======== Task inputs ========

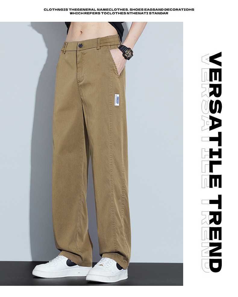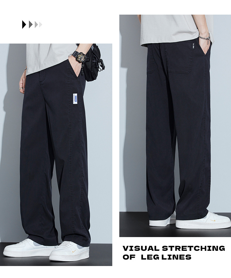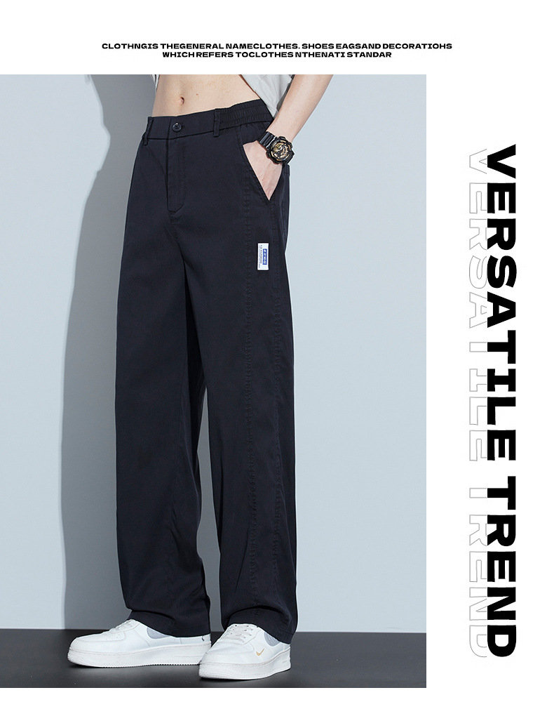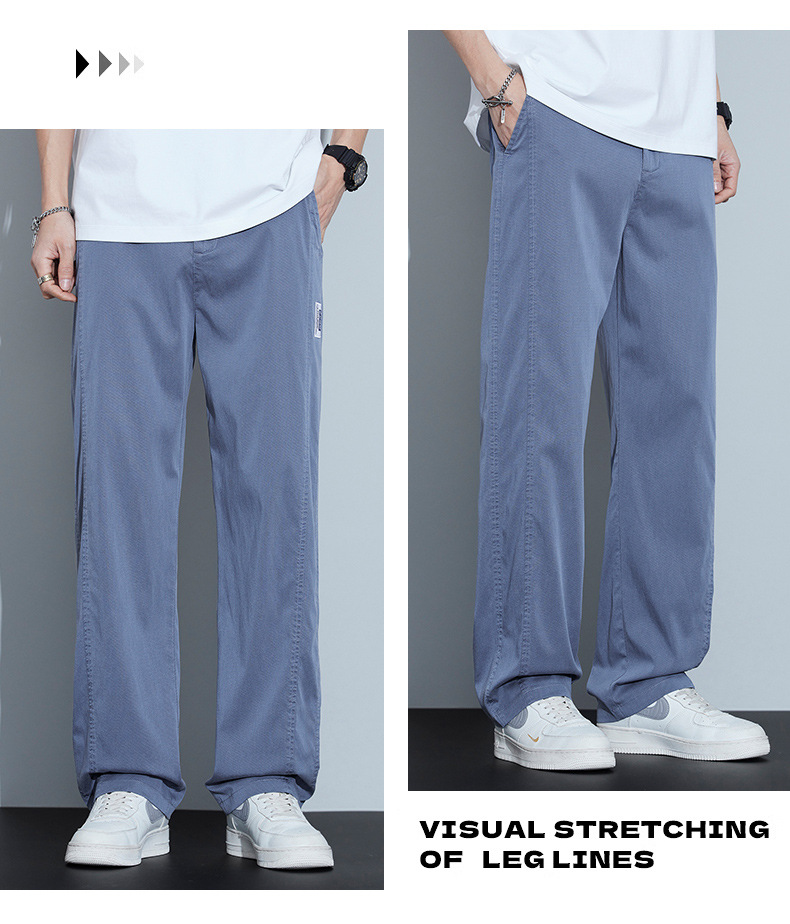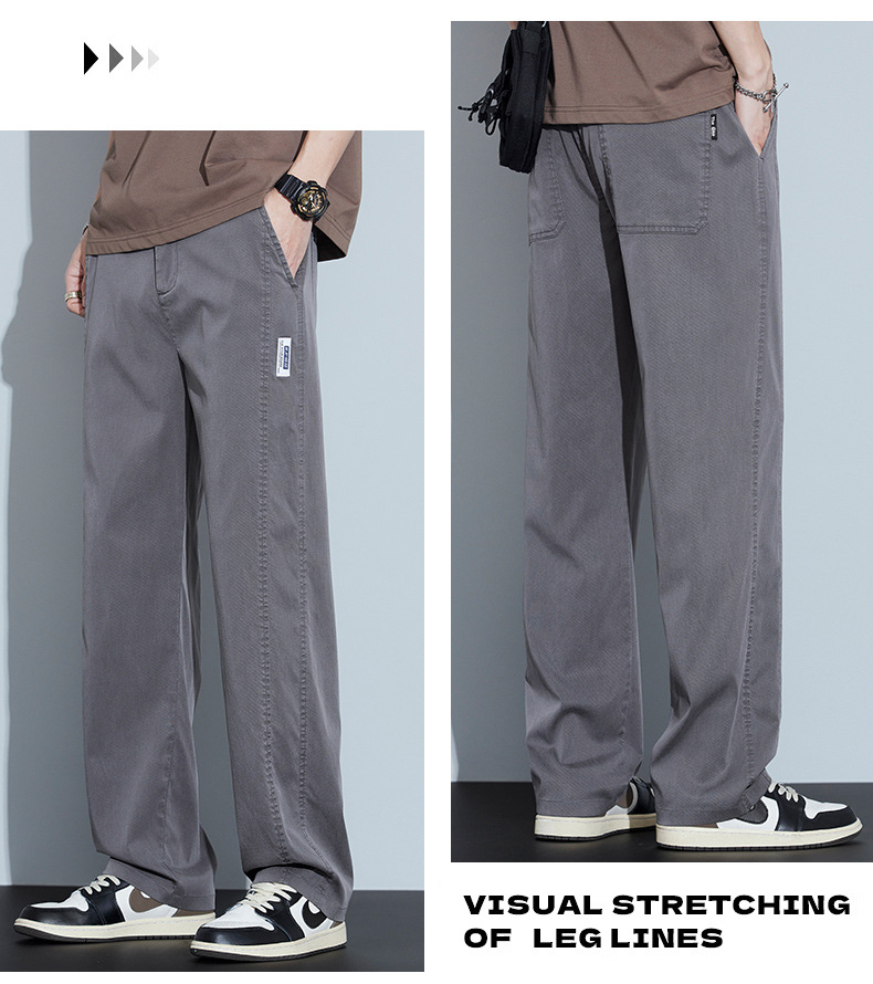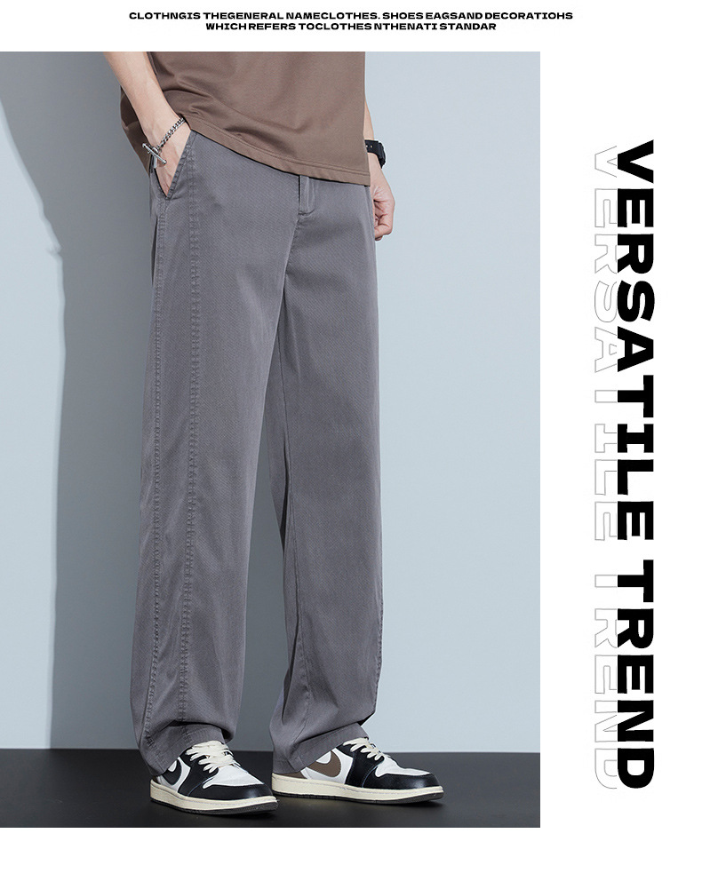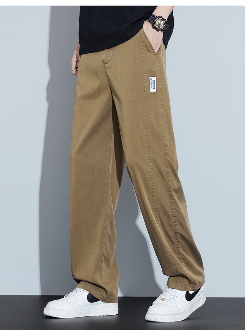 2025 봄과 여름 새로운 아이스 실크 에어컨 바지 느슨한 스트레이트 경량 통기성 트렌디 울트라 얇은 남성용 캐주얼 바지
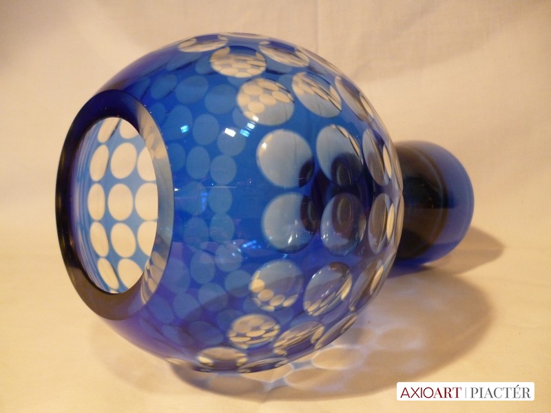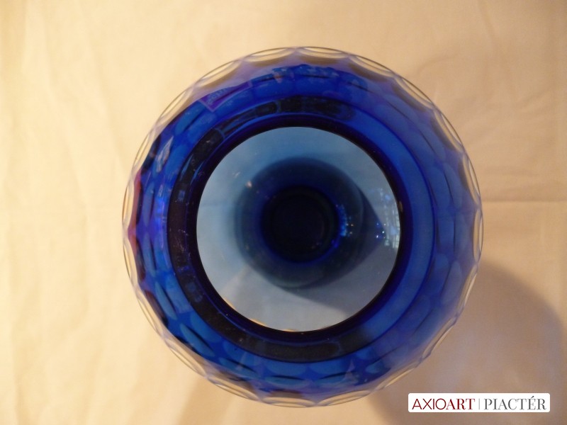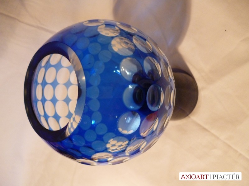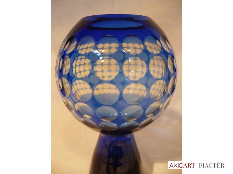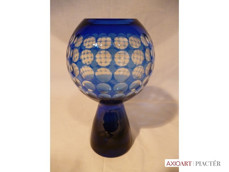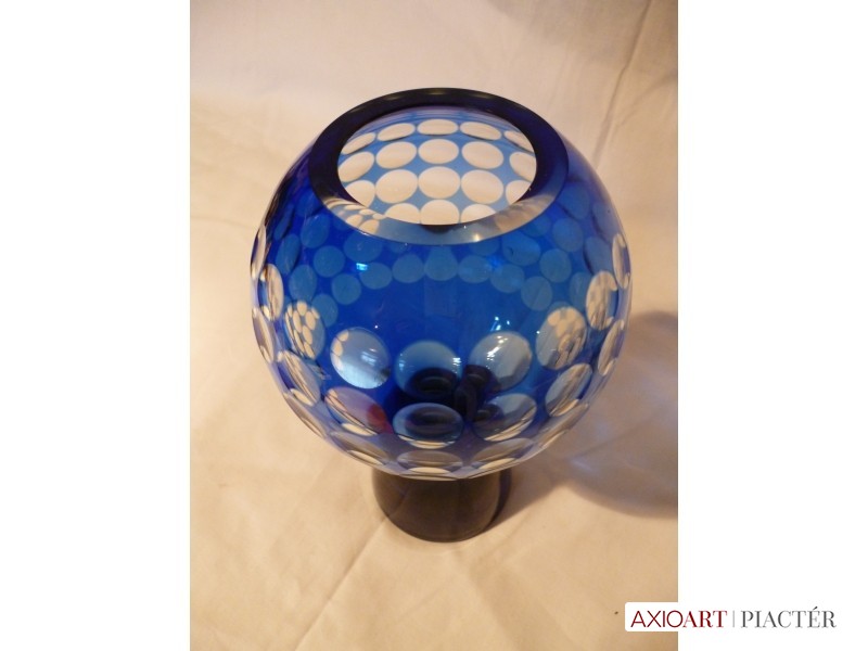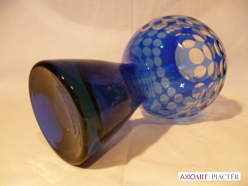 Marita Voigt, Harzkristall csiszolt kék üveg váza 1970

========
======== Task inputs ========

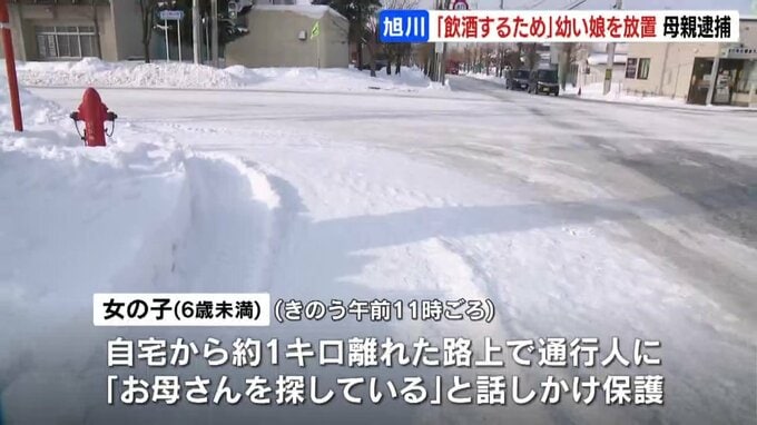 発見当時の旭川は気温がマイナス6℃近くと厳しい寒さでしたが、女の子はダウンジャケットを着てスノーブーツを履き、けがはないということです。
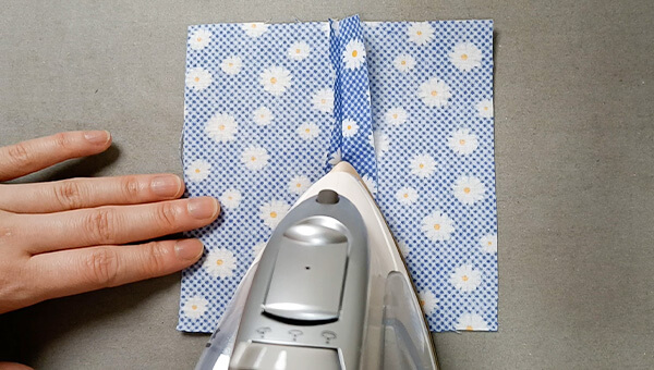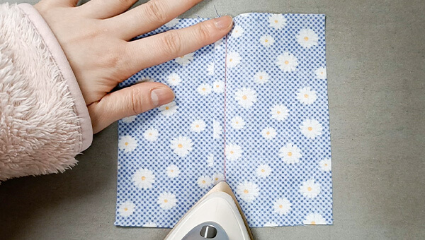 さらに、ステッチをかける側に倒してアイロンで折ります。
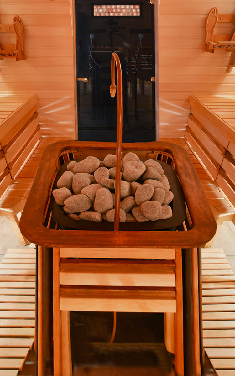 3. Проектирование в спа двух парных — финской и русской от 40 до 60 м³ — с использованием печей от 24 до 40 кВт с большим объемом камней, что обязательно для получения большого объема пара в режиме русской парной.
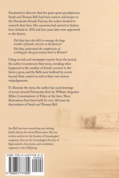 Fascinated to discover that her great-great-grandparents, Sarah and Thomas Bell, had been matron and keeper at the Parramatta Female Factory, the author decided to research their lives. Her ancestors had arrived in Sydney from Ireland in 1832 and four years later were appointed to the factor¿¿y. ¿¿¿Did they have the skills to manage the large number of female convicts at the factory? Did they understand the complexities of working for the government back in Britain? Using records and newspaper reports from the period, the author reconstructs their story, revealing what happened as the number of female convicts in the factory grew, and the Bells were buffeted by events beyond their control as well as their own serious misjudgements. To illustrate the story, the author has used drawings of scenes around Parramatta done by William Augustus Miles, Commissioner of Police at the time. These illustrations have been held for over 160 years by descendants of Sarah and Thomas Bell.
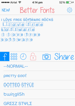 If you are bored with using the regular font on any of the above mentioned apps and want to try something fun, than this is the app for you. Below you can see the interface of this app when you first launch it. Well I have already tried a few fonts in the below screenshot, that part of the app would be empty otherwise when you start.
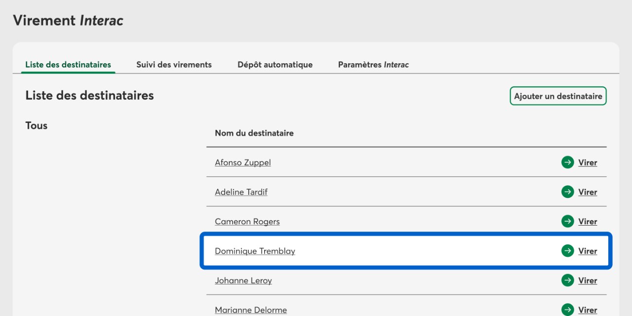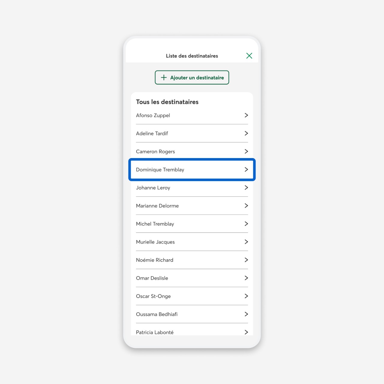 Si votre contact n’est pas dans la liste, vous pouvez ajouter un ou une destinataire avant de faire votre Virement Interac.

========

** Problem details **
Starting at the line containing "2025 봄과 여름 새로운" and stopping at the line containing "Marita Voigt, Harzkristall", output each line exactly as it appears above. Leave out the pictures.

** Response to the exercise **
 2025 봄과 여름 새로운 아이스 실크 에어컨 바지 느슨한 스트레이트 경량 통기성 트렌디 울트라 얇은 남성용 캐주얼 바지
 Marita Voigt, Harzkristall csiszolt kék üveg váza 1970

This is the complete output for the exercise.